Воспитанник Морского кадетского корпуса, Боголюбов, служа на флоте, поступил в Академию вольноприходящим учеником. За картину "Наводнение в Кронштадтской гавани в 1824 году" уже в первый же сезон занятий был награжден высочайшим подарком, потом получил две золотые медали, заграничное пенсионерство. Европы ему показалось мало: два года отдал Италии, перебрался в Синоп, путешествовал по дунайским странам. Вернувшись в Россию, проехал Волгу, Каму, Каспий. По высочайшему заказу написал девять картин из истории русского флота при Петре. Учил живописи великого князя Алексея Александровича, а позднее принцессу Дагмару, ставшую русской императрицей Марией Федоровной. По Волге и Крыму сопровождал цесаревича Николая Александровича, по Голландии, Бельгии и Германии – великого князя Владимира Александровича. Картины писал между поездками: "Бомбардирование Петропавловска в Камчатке", "Абордажное дело со шведами в устьях Невы 6 мая 1720", "Поход Петра I на Дербент", "Высадка русских войск в Аграханском заливе под предводительством Петра I", "Гренгамское морское сражение в Финском заливе" и прочая, прочая. Только для гидрографического департамента Алексеем Петровичем было написано 120 листов для атласа финляндских берегов.

И в Париже он был не гостем, здесь для русской посольской церкви написал огромную картину "Хождение Иисуса по водам".

– Прибыло в нашем полку! – радовался Боголюбов, встречая Васнецова в своем салоне-мастерской.

– Ну, как там у пас? Господи, по зиме и то соскучился! – обнимал друга Репин.

В тот день были отставной генерал Татищев и художники Харламов, Леман, Дмитриев-Оренбургский. Все что-то говорили, спрашивали.

– Господа! – воскликнул Поленов. – Грешен, человек с поезда, а я его – в Лувр. Дайте прийти в себя.

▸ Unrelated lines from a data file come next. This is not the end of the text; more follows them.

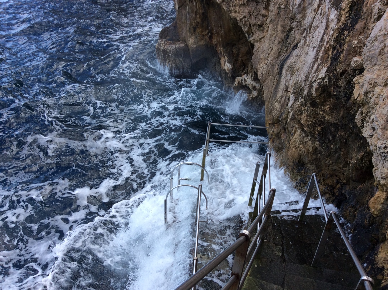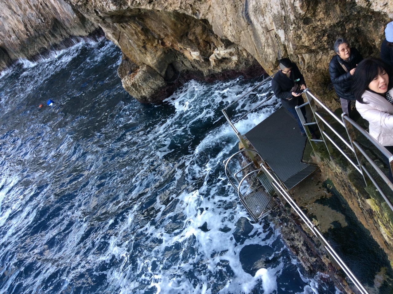 青の洞窟見にカプリ島へ渡りましたが、マリーナ・グランデ港には見学用小舟が一隻も有りませんでした。当日は欠航決定!残念ですがバスに乗り陸路見学に行きました。波高く洞窟内部は見えませが、情報誌の写真を空想しながら満足しました。海は透き通る青色、流石カプリ島です!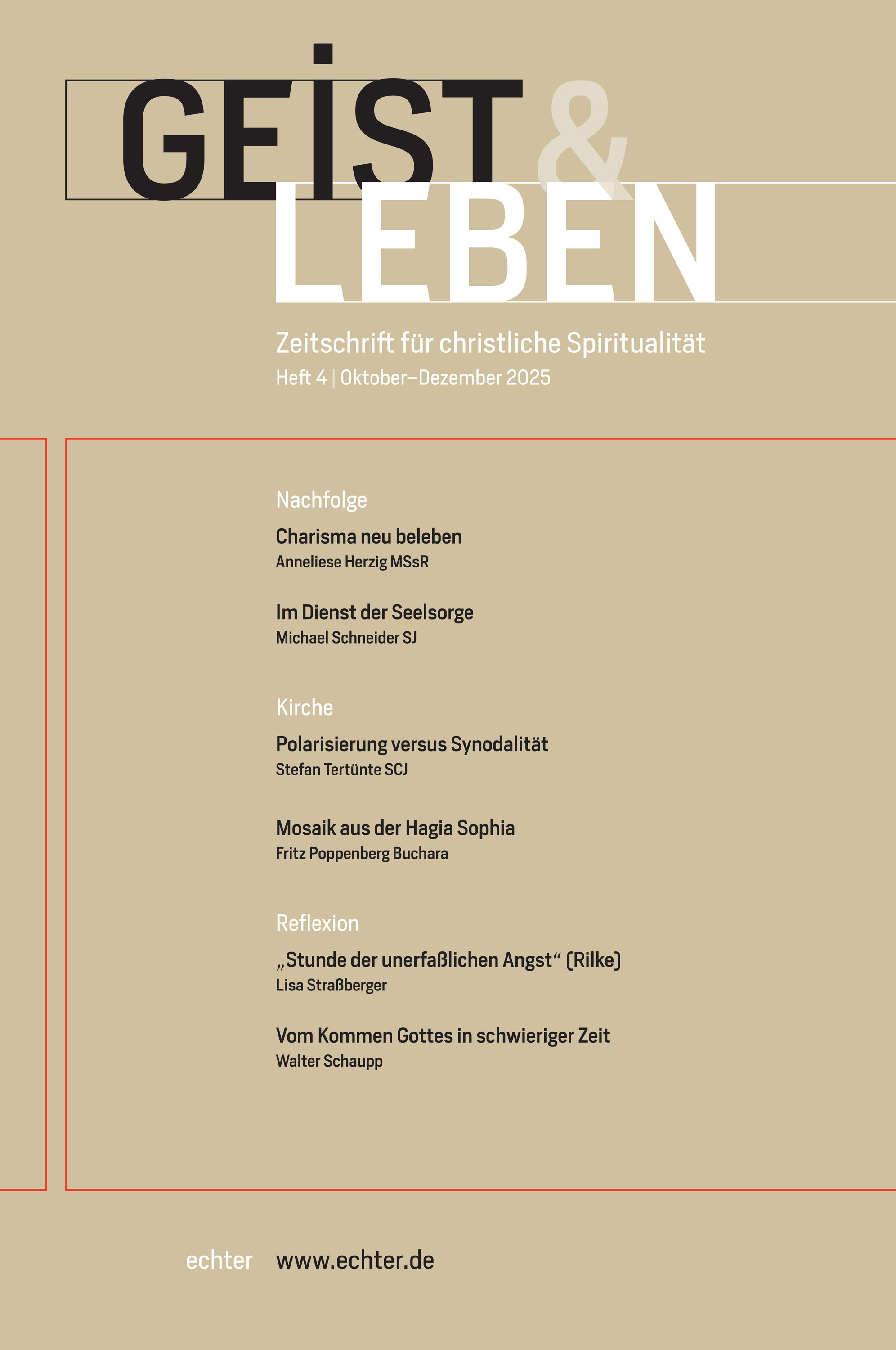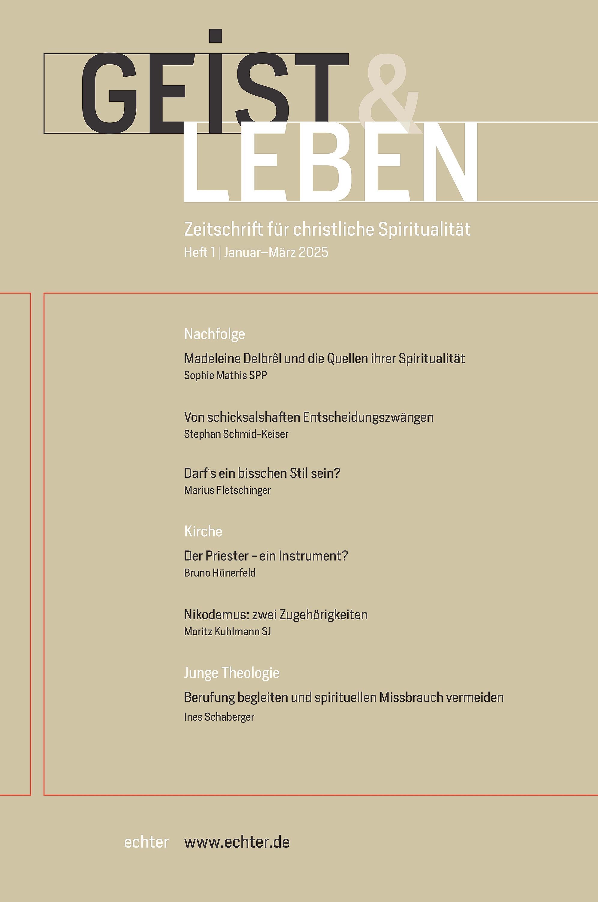 GuL 98 (2025), Heft 3 Juli-September 2025 n. 516 Notiz Christoph Benke Wenn der Boden schwankt [223-224] Nachfolge Raphaela Brüggenthies OSB Vigil [226-230] Michael Höffner Sakrament des gegenwärtigen Augenblicks. "Caussades" Alltagsmystik in theologischer Relecture II [231-238] Ulrich Hörwick Auf der Spur des homo religiosus. Zur spirituellen Verortung von Bergexerzitien [239-247] Bernd Aretz "Erscheitert" Gott? Kenosis und Kunst bei Klaus Hemmerle [248-256] Rob Faesen SJ Lektionen aus christlicher Mystik [257-265] Nachfolge | Kirche Andrea Schmuck Die Bologna-Entführung. Ein Krimi über Vertrauen als dialogische Ressource [266-272] Daniel Tibi OSB Kanonische Weisheit. Von der Spiritualität des Kirchenrechts [273-281] Nachfolge | Junge Theologie Wolfgang Sigler OSB Der Exodus als Streitgeschichte [282-287] Reflexion Christoph J. Amor "Alles ist durch das Wort geworden". Zugänge zur Lehre von der Schöpfungsmittlerschaft [288-296] Marc Pauly Verwandelndes Sprechen. Sprache als geistlicher Weg bei Eugen Rosenstock-Huessy [297-306] Siegfried Ringler Innovatives Mittelalter [307-315] Philippe Lécrivain SJ Geschichte und Theologie treiben mit Michel de Certeau (1925-1986) [316-322] Lektüre Buchbesprechungen [324-330]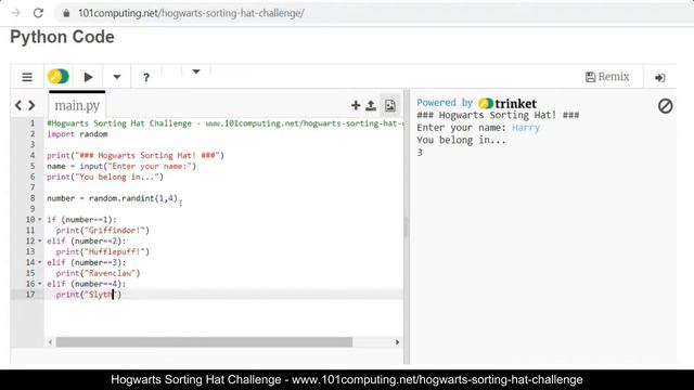 View blog page for this video: https://www.101computing.net/hogwarts-sorting-hat-challenge/

– Чайку! Чайку выпейте! – предложил хозяин. – Господа, почаевничаем по-русски, за чаем любой разговор веселей.

– Ах, Васнецов! – говорил Леман. – Уж очень долго вы собирались в наши края. Поленов и Репин уж лыжи домой навострили. Савицкий уехал, Беггров. Поглядели бы вы на наш Новогодний праздник!

– Такое раз в жизни удается! – улыбался, покачивая головой, Алексей Петрович. – Василий Дмитриевич, ты расскажи Васнецову о вашей живой картине.

– Все было как нельзя просто. Но! – Поленов поднял палец. – Люди-то все какие! Тургенев и граф Алексей Толстой читали стихи, Серова играла, очаровательные племянницы Ге пели, Репин плясал гопака. Потом дамы вырядились в русские, украинские, мордовские и кавказские костюмы, поднесли Алексею Петровичу хлеб-соль и спели "Слава на небе солнцу высокому, слава!". Был медведь с поводырем. Был алжирский танец, на тамбурине Серова играла, танцевал же наш американский друг. Ну а живая картина называлась "Апофеоз искусства". Ровно в полночь зажгли друммондов свет, под шопеновский полонез дали занавес, и длинное лицо Толстого вытянулось еще более – от восторга. Наверху был транспарант с вензелем Боголюбова и цифрами 1875. Под вензелем стоял гений с огромными белыми крыльями и лавровым венком. Его изображал юный Серов. Ниже полукругом четыре искусства: скульптура – Дмитриева, живопись – Ге, музыка – Серова, поэзия – старшая Ге. Все в белом тюле и газе, с венками, цветами, атрибутами. Внизу – великие представители. В середине Гомер – плешивый старик в тунике и гимматионе, справа Рафаэль (мадам Репина), слева Микеланджело (это был я!) и далее Шекспир, Бетховен… Гримировали Репин, Савицкий…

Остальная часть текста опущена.